Your job is to give again, exactly and with no additions, the lines in the records below from the one with "designNative Dream Catcher" through the one with "因为男朋友开的也是小鹏P7+", both included. Omit the pictures.

:: Stored data

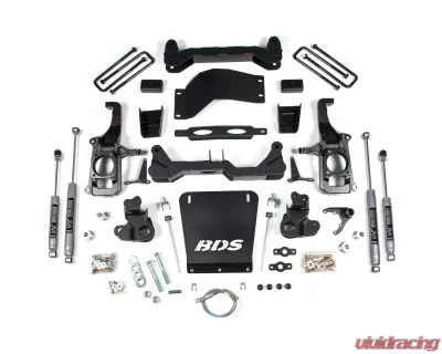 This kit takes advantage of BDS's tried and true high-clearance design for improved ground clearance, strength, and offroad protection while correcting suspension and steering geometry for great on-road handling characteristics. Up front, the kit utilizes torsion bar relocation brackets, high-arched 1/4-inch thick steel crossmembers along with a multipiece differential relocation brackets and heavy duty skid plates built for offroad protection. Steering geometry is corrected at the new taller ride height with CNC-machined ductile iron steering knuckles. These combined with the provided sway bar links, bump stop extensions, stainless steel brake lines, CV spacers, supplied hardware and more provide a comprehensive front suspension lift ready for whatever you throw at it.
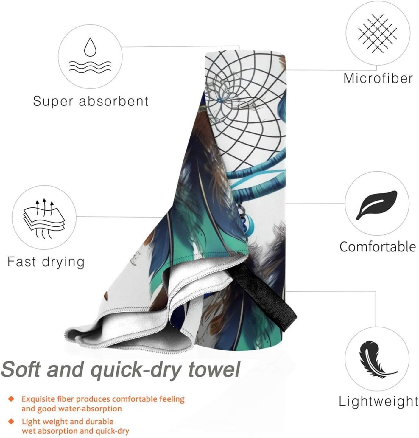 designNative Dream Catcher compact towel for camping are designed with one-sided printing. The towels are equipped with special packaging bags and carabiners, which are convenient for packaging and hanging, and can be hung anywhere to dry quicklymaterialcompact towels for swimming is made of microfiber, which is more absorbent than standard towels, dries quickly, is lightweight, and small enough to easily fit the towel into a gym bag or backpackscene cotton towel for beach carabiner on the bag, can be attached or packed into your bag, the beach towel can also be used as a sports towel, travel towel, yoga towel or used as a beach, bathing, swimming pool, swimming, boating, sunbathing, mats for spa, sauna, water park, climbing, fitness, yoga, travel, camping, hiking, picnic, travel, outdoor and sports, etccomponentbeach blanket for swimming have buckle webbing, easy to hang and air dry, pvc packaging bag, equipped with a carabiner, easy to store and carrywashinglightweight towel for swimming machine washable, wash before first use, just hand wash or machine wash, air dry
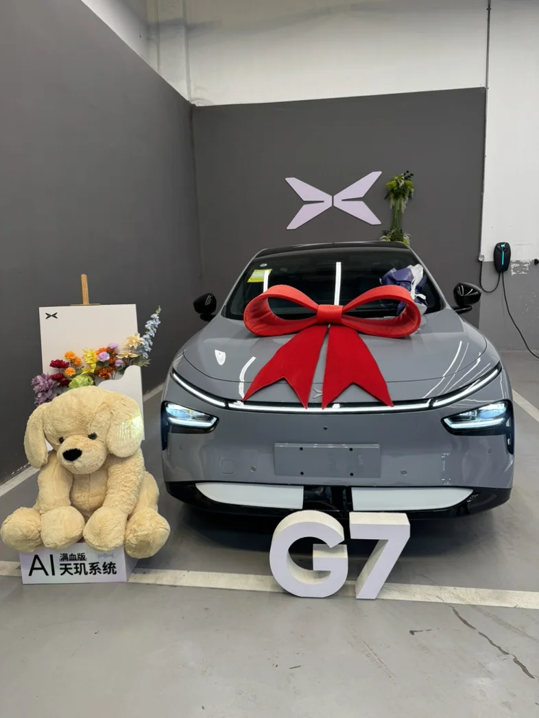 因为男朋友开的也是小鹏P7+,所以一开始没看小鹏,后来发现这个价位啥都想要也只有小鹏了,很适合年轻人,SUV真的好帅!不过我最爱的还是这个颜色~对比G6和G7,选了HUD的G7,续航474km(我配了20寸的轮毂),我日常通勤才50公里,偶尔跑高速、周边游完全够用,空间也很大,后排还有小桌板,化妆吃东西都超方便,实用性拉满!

::::
:: Stored data

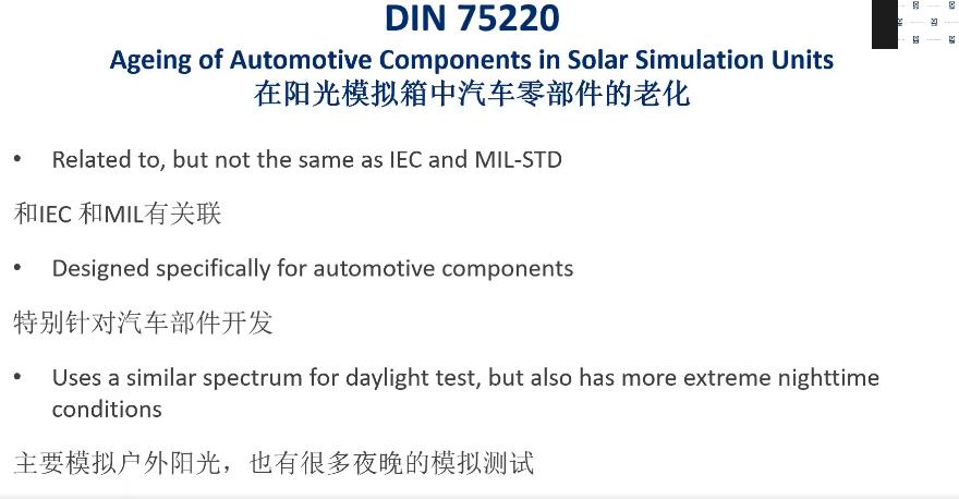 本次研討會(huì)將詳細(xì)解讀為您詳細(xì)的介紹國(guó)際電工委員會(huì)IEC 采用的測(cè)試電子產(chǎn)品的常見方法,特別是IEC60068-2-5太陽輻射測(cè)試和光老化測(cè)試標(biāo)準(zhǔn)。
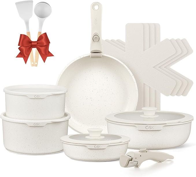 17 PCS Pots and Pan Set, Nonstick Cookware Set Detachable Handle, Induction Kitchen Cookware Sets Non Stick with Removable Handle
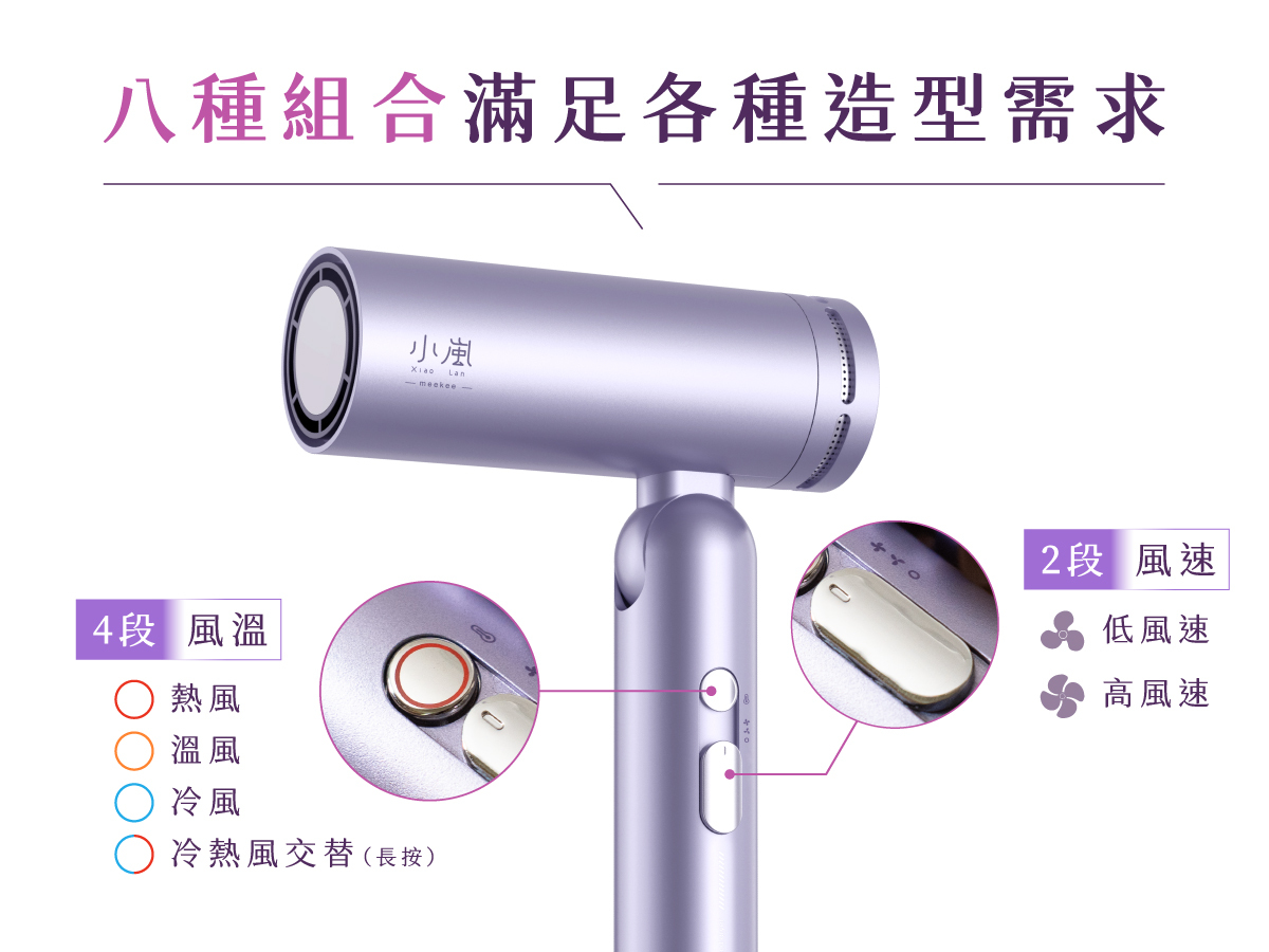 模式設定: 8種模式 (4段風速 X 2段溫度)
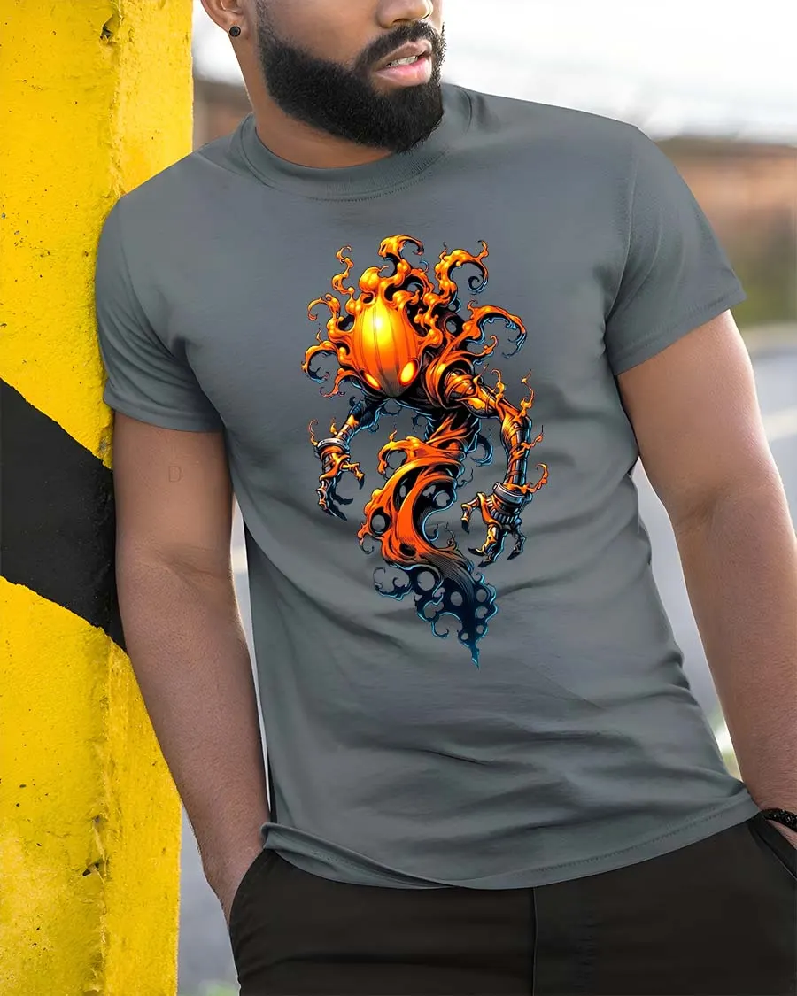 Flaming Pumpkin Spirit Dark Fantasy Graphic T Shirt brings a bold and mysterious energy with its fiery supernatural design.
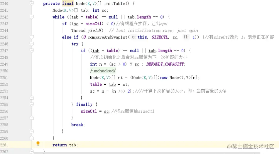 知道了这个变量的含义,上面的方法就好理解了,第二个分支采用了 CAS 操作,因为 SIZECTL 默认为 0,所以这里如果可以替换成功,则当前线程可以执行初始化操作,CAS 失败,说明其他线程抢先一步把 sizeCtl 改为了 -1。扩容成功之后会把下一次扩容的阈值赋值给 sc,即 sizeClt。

::::
:: Stored data

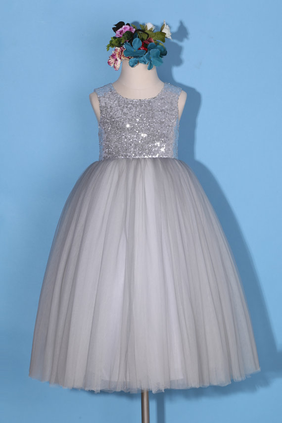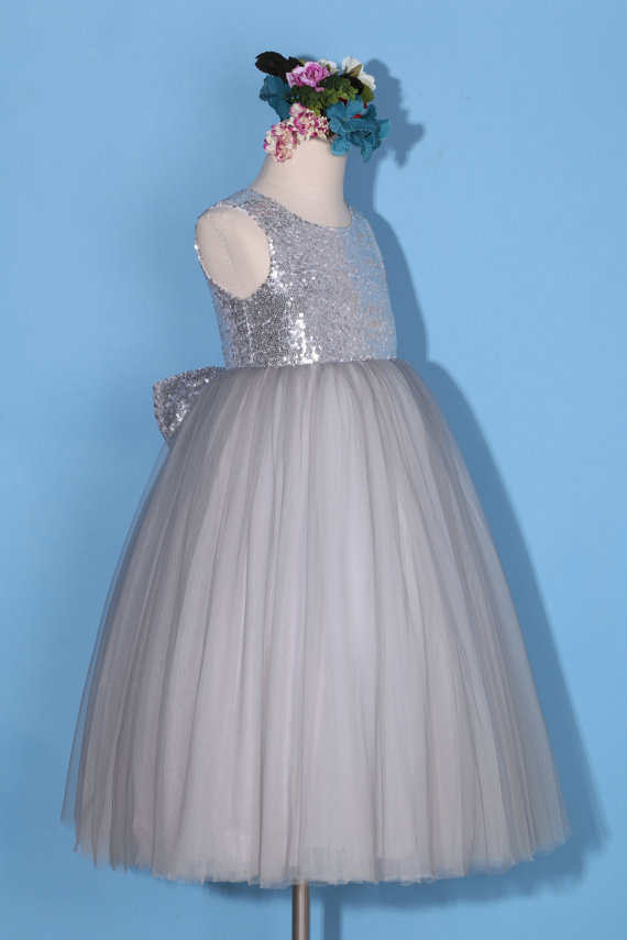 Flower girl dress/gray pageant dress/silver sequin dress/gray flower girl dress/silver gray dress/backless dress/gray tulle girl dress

::::

**Response area**
 designNative Dream Catcher compact towel for camping are designed with one-sided printing. The towels are equipped with special packaging bags and carabiners, which are convenient for packaging and hanging, and can be hung anywhere to dry quicklymaterialcompact towels for swimming is made of microfiber, which is more absorbent than standard towels, dries quickly, is lightweight, and small enough to easily fit the towel into a gym bag or backpackscene cotton towel for beach carabiner on the bag, can be attached or packed into your bag, the beach towel can also be used as a sports towel, travel towel, yoga towel or used as a beach, bathing, swimming pool, swimming, boating, sunbathing, mats for spa, sauna, water park, climbing, fitness, yoga, travel, camping, hiking, picnic, travel, outdoor and sports, etccomponentbeach blanket for swimming have buckle webbing, easy to hang and air dry, pvc packaging bag, equipped with a carabiner, easy to store and carrywashinglightweight towel for swimming machine washable, wash before first use, just hand wash or machine wash, air dry
 因为男朋友开的也是小鹏P7+,所以一开始没看小鹏,后来发现这个价位啥都想要也只有小鹏了,很适合年轻人,SUV真的好帅!不过我最爱的还是这个颜色~对比G6和G7,选了HUD的G7,续航474km(我配了20寸的轮毂),我日常通勤才50公里,偶尔跑高速、周边游完全够用,空间也很大,后排还有小桌板,化妆吃东西都超方便,实用性拉满!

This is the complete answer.